Given the initial point $x_1,$ the first term, $\beta^{t-1} x_{1},$ will be a constant. Each term in the second term’s sum is a Gaussian random variable multiplied by a constant. We know that $\beta^{i} \epsilon_{t-i} \sim N(0, \beta^{2i} \sigma^2).$ Since the $\epsilon$ terms are i.i.d., the variances are additive; thus, the distribution for $x_t$ for $t \geq 2$ is given by

\[x_t \sim N\left(\beta^{t-1}x_1, \sigma^2 \sum\limits_{i=0}^{t-2} \beta^{2i} \right).\]We can examine the behavior of $x_t$ as we extend to an infinite time horizon, $t \to \infty.$ Examining the mean, we have three cases depending on the value of $\beta:$

- If $|\beta| < 1$, then $\beta^{t-1} x_1 \to 0$ as $t \to \infty;$
- If $|\beta| > 1$, then $\beta^{t-1} x_1 \to \infty$ as $t \to \infty;$
- If $|\beta| = 1$, then $\beta^{t-1} x_1 = x_1$ for all $t.$

In other words, the mean converges to zero, diverges to infinity, or remains constant at the initial value depending on whether the autoregressive parameter’s absolute value is less than, greater than, or equal to one, respectively.

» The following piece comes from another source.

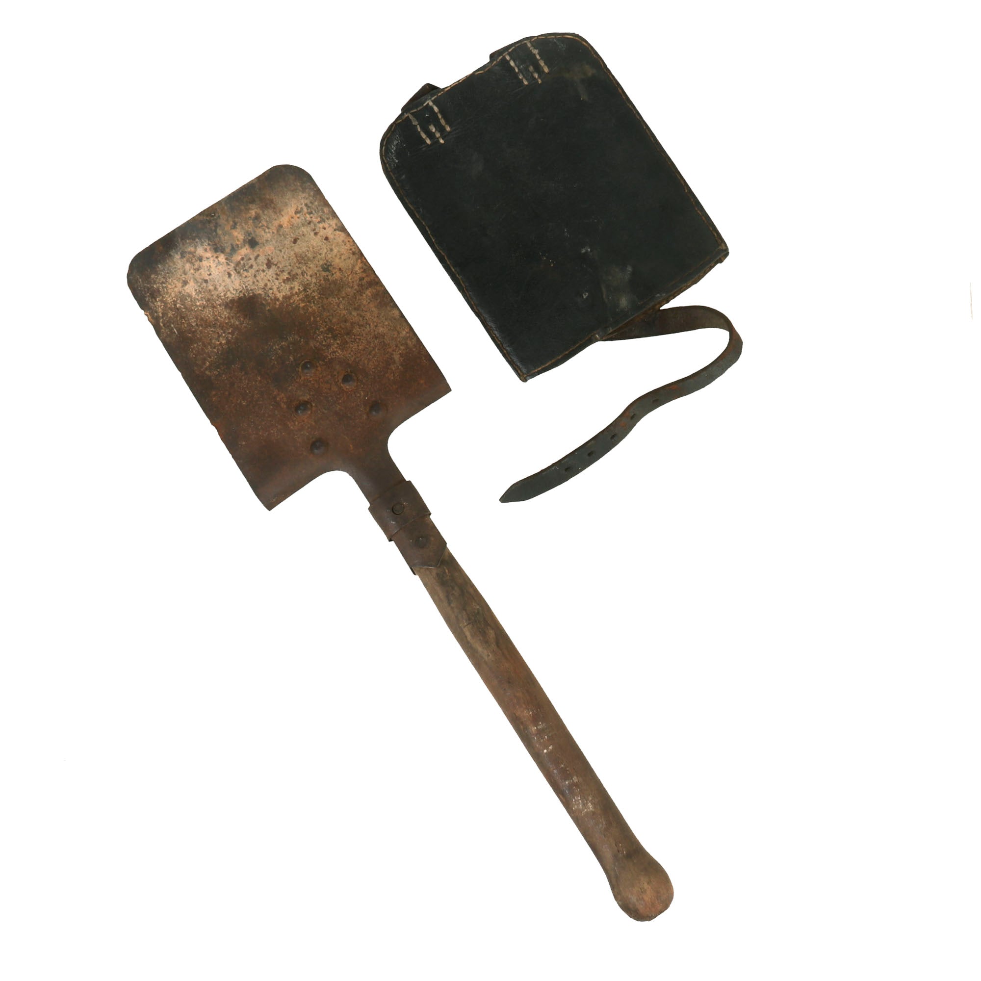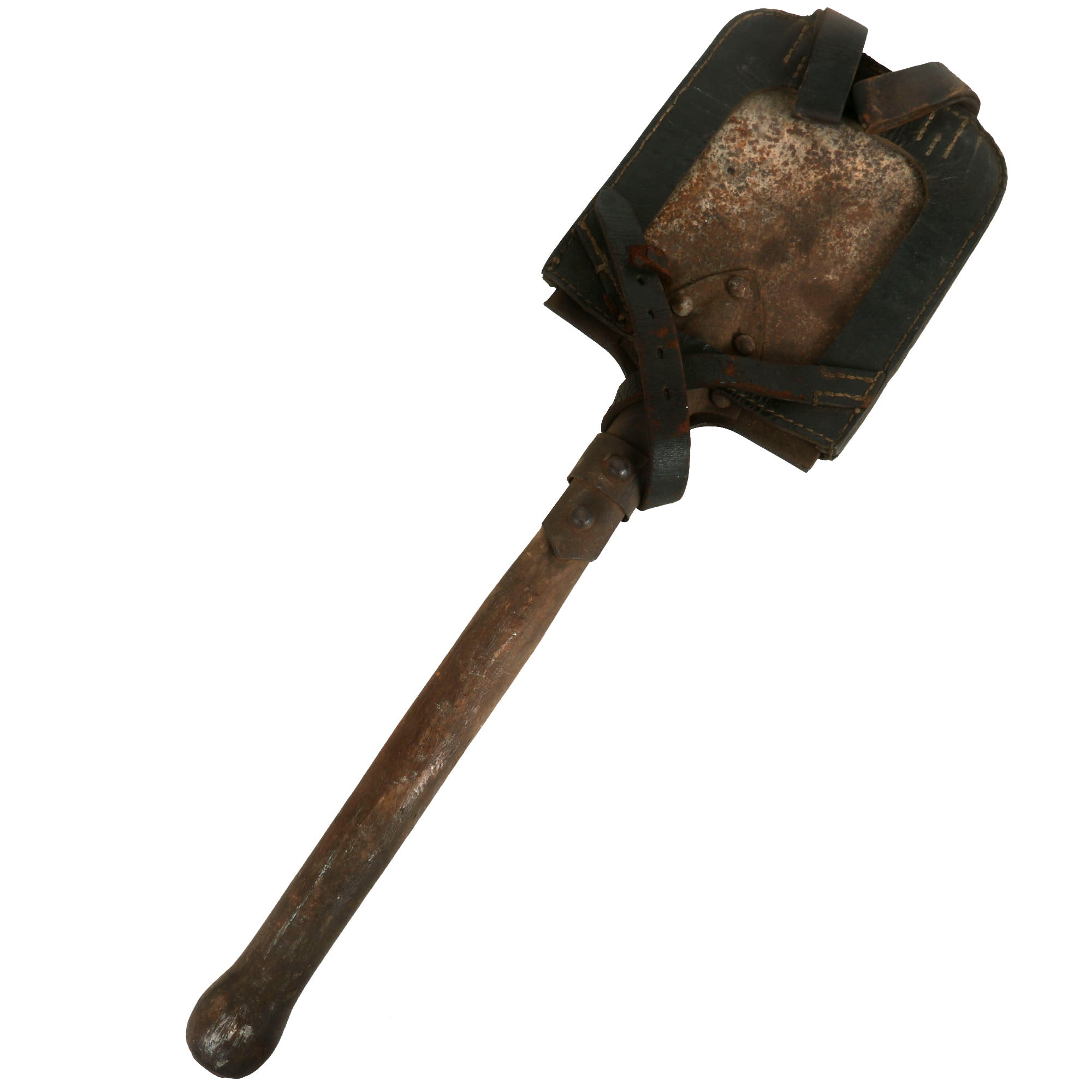 Original Item: Only One Available. The entrenching tool was a basic item issued to all EM/NCO’s and was issued with a specific carrying case that was to be worn on the load carrying waist belt. Originally the non-folding entrenching tool utilized by the Germany army in WWII was a carryover of the WWI and Reichswehr era M1887 entrenching tool until November 12, 1938 when a new improved folding shovel was introduced to replace the earlier non-folding pattern. Although the new folding shovel proved more practical and popular with the troops, the earlier entrenching tool was utilized right up until the end of the war. The entrenching tool was a very valuable piece of kit enabling the individual soldier to dig in for protection as required and was also utilized as a close combat weapon.

For the variance, we can notice that it takes the form of a geometric series and thus the infinite sum has a closed form when $|\beta| < 1:$

\[\sigma^2 \sum\limits_{i=0}^{\infty} \beta^{2i} = \frac{\sigma^2}{1 - \beta^2}.\]When $\beta = 1,$ the AR(1) model reduces to the vanilla Wiener process (often called a random walk), where the variance of $x_t$ scales directly proportionally to $t.$

We show a small demonstration of this distribution below. We simulate data for $T=100$ steps with $\beta = 0.9$ and $\sigma^2 = 0.01.$ We repeat this 10,000 times and plot a histogram of the values of $x_{100}$ in gray. We also plot the limiting distribution of $x_t$ as a red dashed line.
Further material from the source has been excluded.